Kids with the keys to the kingdom Monday, August 27, 2007

Kids with the keys to the kingdom

This was from a snowy late spring day. Lloyd loved winter but when he thought it was returning after just a few weeks, his beautiful, incredibly expressive brown eyes couldn't help but comment.

This is a hard morning. Karen has gotten up and gone to work. I rose with her. We sobbed together, our new morning ritual, then we gathered ourselves to make our way into a new and awfully empty day and week. I hope Karen's work provides her with distraction and purpose but I know whatever she accomplishes will be done despite an all-encompassing grief. What will be hardest for her is to realize that she needn't call several times to ask us, 'how you guys are doing?' Now she will just phone to see how I'm holding up.

I am truly alone here, facing my first workday without my pal. 'Workday' is stretching it. Lloyd and I played hooky together for the past several years. Well 'hooky' is stretching it, too. I was very productive with Lloyd around but he was so much fun that just being with him felt like hooky. Much of the time I'd write and he'd snooze nearby but intermittently we'd take walks and play. If I had yard work to do, he'd come outside and supervise the operation. Occasionally he'd remind me that the most important task for me was to try to wrest the tennis ball from him that he presented at my feet and then would snatch away when I reached for it. Eventually I'd pry the ball from him but he never felt defeated because all it meant was the next phase of our game had begun. So I'd throw or hit the ball and he'd sprint to catch it in midair or on the first bounce, often during remarkably athletic helicopter leaps, accented by perfect landings. Then he'd come back towards me with the ball but somewhere along the line, he'd drop it and make me reach for another. Balls scattered around the yard were his booty, the bushel basket on the porch that overflowed with yellow orbs were community property. No ball was ever as interesting to Lloyd as the one I held. He made gallant attempts to catch every new projectile. On those rare occasions when he failed, he emitted not an ounce of disappointment, just gleeful anticipation for the next challenge. He had a perfect attitude.

Lloyd and I played all the time. Although I set clear safety boundaries for him, he knew that anything went within those borders. We never went long without frolicking, just a couple of kids with the keys to the kingdom.

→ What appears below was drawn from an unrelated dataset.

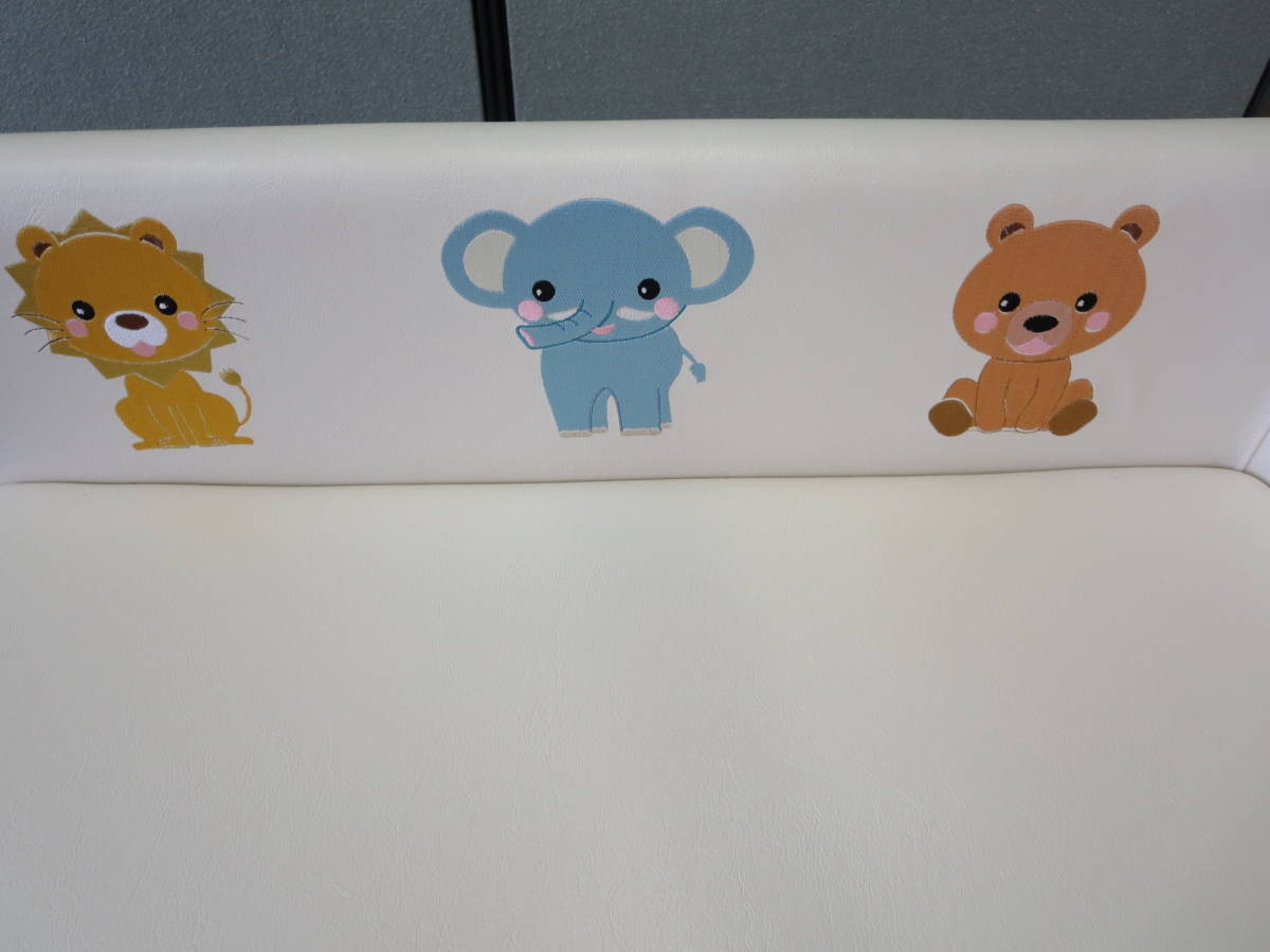 6種類のオリジナルアニマルデザインを刺繍加工した縦型オムツ交換台。衛生的で掃除が容易なメッシュ棚付き。便利なアジャスター付き。クッション厚:40mm重量:約29kgサイズ:幅650奥行800高さ980

I wish I was a songwriter because songwriters can make beauty of pain and find strength in the most fragile of things. And that's what I need to do now. I need to write something transcendently meaningful about my friend Lloyd. I wish I could write something with music that is as beautiful as he was handsome and dear. Something with lyrics that describe just the right details of a magnificent life. Details that find their ways into other lives and become just as important in new homes and hearts. Something of timeless significance, just like Lloyd.